Michel Py wrote:
Terry Gray wrote:
Keith,
Quick note from the peanut gallery: I believe your vision is
only achievable if the address allocation policies for v6 are
such that every man/woman/child and enterprise can obtain an
"ample" amount of provider-independent v6 space (or some number
of address bits that the enterprise can *own*). If people feel
like they are held hostage to others for the operation of their
internal enterprise (or home!) networks, you can take it to the
bank that v6 NAT will become just as pervasive and entrenched
as v4 NAT is.
This is precisely why I have stated earlier that v6 NAT is unavoidable:
'every man/woman/child and enterprise can obtain an "ample"
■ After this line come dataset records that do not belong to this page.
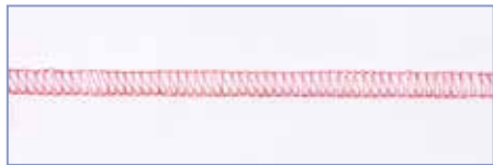
Плоский 2-ниточный оверлок (только для 5100D)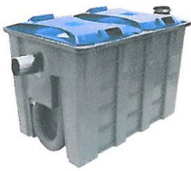
ถังดักไขมันแบบคั้งพื้น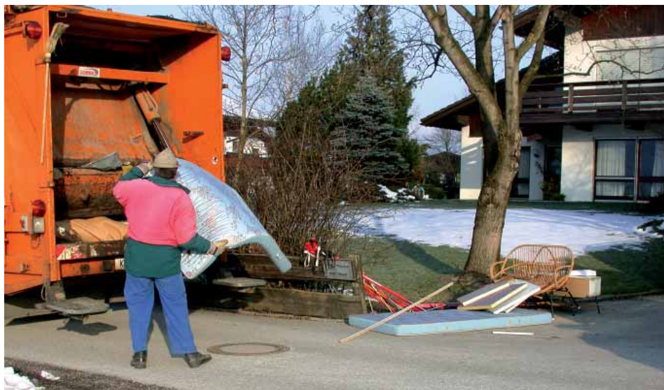
Ca. 310 m 3 Sperrmüll, Altholz und Kleinschrott wurden letztes Jahr vom Gemeindebauhof gesammelt und entsorgt.

Tip: Alles, was bei der Sperrmüllaktion entsorgt wird, wird vom Bauhof geschätzt und verrechnet. Elektroaltgeräte, Bildschirme und Kühlschränke können jedoch jederzeit während der Öffnungszeiten im Recyclinghof kostenlos abgegeben werden.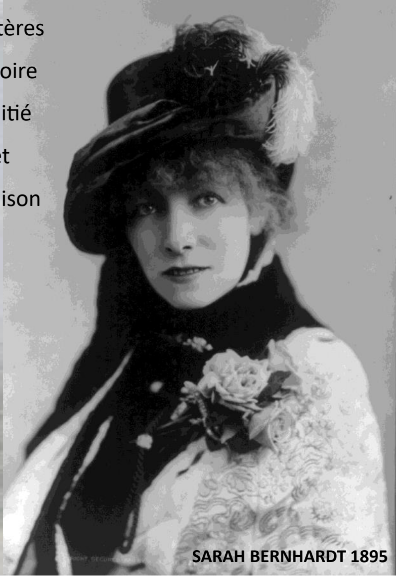
SARAH BERNHARDT 1895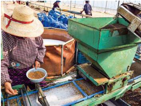
育苗箱に種子をまく様子

徹底し、良い苗を農家に提供したい。今年もおいしい米が育つよう話を引き締めて管理にあたる」と話されています。育苗施設で約一ヶ月育てられた苗は四月中旬から順次、農家へ配布され、八月中旬頃に収穫を迎えます。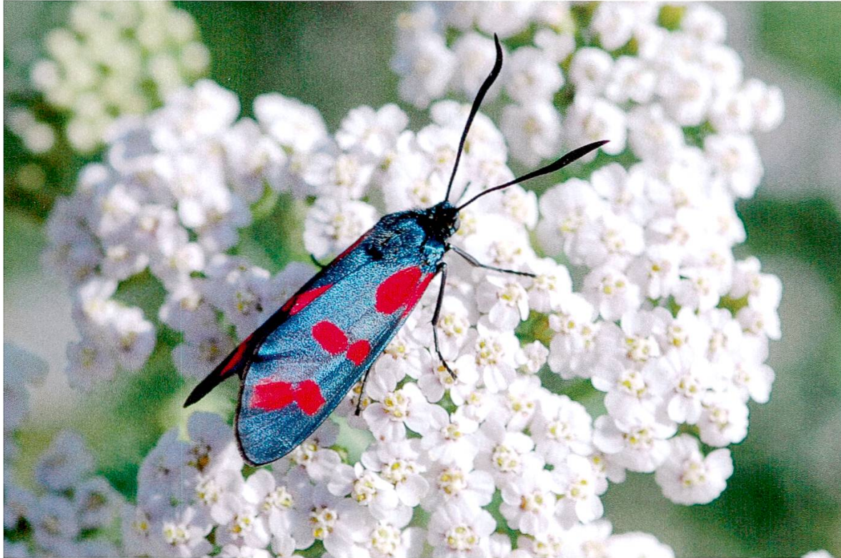
Abbildung 1: Gewöhnliches Widderchen.

Dunkler Dickkopffalter ( Erynnis tages , Linnaeus 1758): Der bereits früher seltene Falter galt nach 1985 im Thurgau als verschwunden. 2004 wurde er in der Ochsenfurt wiederentdeckt. Dort hat sich inzwischen eine grössere Population entwickelt, und die Art breitet sich von dort immer weiter aus. 2008 wurde der Falter auch im Untersuchungsgebiet in der Trockenwiese 8 und deren westlicher Verlängerung ( Fläche 7 ) festgestellt.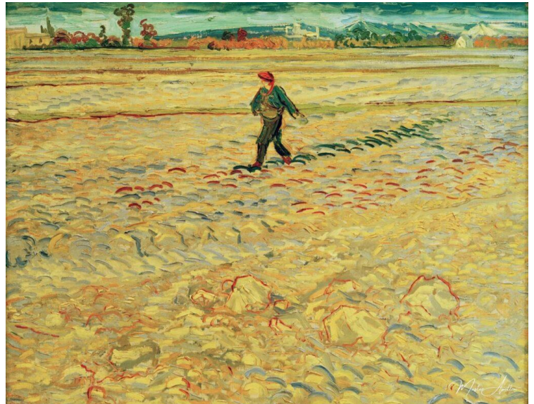
Vincent van Gogh. Såmannen (The Sower) , 1888.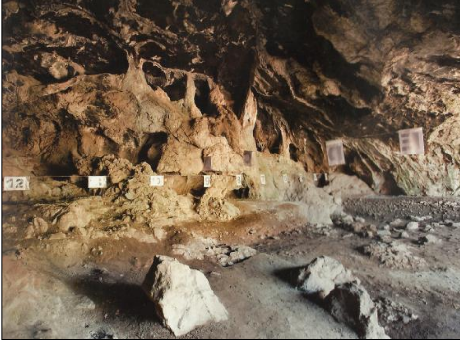
Fotoğraf 1. Maraş Göksun yolu üzerinde bulunan Döngel Köyü' ndeki Direkli Mağarası

Prehistorik dönemi yansıtan önemli buluntular Maraş-Göksun yolu üzerinde bulunan Döngel Köyü'ndeki mağaralardan Direkli Mağarası'nda ortaya çıkarılmıştır (Kılıç Kökten, 1960: 45).

amount of provider-independent v6 space'
Catch is we don't know how to make this scalable. We have tried for 10
years and we still don't.
Well, we could continue to rehearse these arguments for a while longer.
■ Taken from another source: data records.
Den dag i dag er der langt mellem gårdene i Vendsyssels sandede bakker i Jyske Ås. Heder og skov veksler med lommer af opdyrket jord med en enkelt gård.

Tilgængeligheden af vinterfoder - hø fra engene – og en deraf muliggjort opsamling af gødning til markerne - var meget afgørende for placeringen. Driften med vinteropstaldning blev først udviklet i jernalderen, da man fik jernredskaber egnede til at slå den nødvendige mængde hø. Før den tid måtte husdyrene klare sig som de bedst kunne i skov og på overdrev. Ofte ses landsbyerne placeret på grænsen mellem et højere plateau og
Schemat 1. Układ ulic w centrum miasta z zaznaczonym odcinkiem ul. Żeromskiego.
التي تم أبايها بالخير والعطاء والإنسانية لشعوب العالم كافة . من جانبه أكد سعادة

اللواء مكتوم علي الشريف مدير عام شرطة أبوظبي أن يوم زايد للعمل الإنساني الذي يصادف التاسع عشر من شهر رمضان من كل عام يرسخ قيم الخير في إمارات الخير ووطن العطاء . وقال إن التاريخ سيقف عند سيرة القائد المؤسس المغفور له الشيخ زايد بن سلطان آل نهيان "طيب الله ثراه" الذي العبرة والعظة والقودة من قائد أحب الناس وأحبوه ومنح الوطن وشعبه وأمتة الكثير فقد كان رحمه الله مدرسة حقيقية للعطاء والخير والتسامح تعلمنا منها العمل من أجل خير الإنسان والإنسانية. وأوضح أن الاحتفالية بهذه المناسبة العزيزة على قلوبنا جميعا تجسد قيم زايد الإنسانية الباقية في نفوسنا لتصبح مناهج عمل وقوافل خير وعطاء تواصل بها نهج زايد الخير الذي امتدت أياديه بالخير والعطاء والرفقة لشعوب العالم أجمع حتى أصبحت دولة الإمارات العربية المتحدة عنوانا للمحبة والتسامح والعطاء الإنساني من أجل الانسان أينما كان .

(Don't want to insult anybody, but I haven't seen anything in this
thread that I haven't seen many times before, including the absence
of scalable routing for PI space.)
Alternatively, people could contribute constructively to relevant
IETF activities
- behave, which is trying to codify NAT behavior such that NAT would
become easier to deal with when we *have* to deal with it
- v6ops, and specifically draft-vandevelde-v6ops-nap-01.txt*, which
is trying to show how to deploy IPv6 without any need for NAT
- shim6, which will define how to solve at least one of the problems
in this area
*truth in advertising: I am a co-author of this draft.